This definition primarily includes daily or short-term operational routines that may involve the replacement of faulty devices, tuning of air conditioning, tilting antennas, fixing optical cable attenuation, and many other activities typically coordinated by network, data center, or IT operations teams. However, all these activities may not provide significant help if the capacity of the digital infrastructure is insufficient or not being utilized optimally.
That’s why telecoms and IT organizations typically have strategic planning units or task forces responsible for optimizing, expanding, and modernizing their digital infrastructure to streamline daily operations and enable the optimal functioning of the services being provided. To accomplish all this, two long-term impactful activities are necessary: capacity management and capacity planning. Furthermore, it’s crucial to consider both business decisions and the requirements of existing services (standard operations).
Business decisions directly impact the capacity of the underlying digital infrastructure. This can be illustrated with the following example: suppose a CSP (Cloud Service Provider) is planning to launch a new cloud file storage service. In this scenario, the capacity of the data storage systems must be upgraded to accommodate the data of customers. The capacity planning process answers the question, “How much data storage is required?”
The future needs of services that are already operational also impact the capacity of the underlying digital infrastructure. For example, standard internet access service necessitates a continual increase in the utilization of network links, particularly internet uplinks, due to the growing demand for bandwidth caused by new video streaming services and the constant influx of new customers.
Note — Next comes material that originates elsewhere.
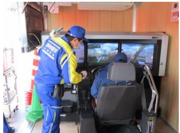
【ドライビングシミュレーター】

This is just one of many factors influencing constant capacity upgrades.
Therefore, constant attention to capacity is necessary, and this focus is known as capacity management. It is a continuous process that involves the following key activities:
- Performance monitoring and recording the performance of the digital infrastructure.
- Analyzing historical performance records and detecting performance issues.
- Optimizing the utilization of existing capacities as a result of performance analysis.
- Optimizing the utilization of existing capacities to accommodate business decisions that impact capacity requirements.
- Planning capacity expansion to meet business-driven requirements, such as the introduction of new services.
- Planning capacity expansion for ongoing services based on forecasts of the expected growth in capacity needs.
- Implementing changes in the digital infrastructure to align with the plans.
As one can observe, capacity management encompasses a wide range of activities, and this post cannot cover them all in detail. However, do check out our capacity planning blog post.
The figure below illustrates a very simplified representation of capacity management. It is an iterative process in which capacity planning plays a vital role. Any changes made to the digital infrastructure as a result of capacity planning need to be re-evaluated, and appropriate re-planning should be carried out as necessary.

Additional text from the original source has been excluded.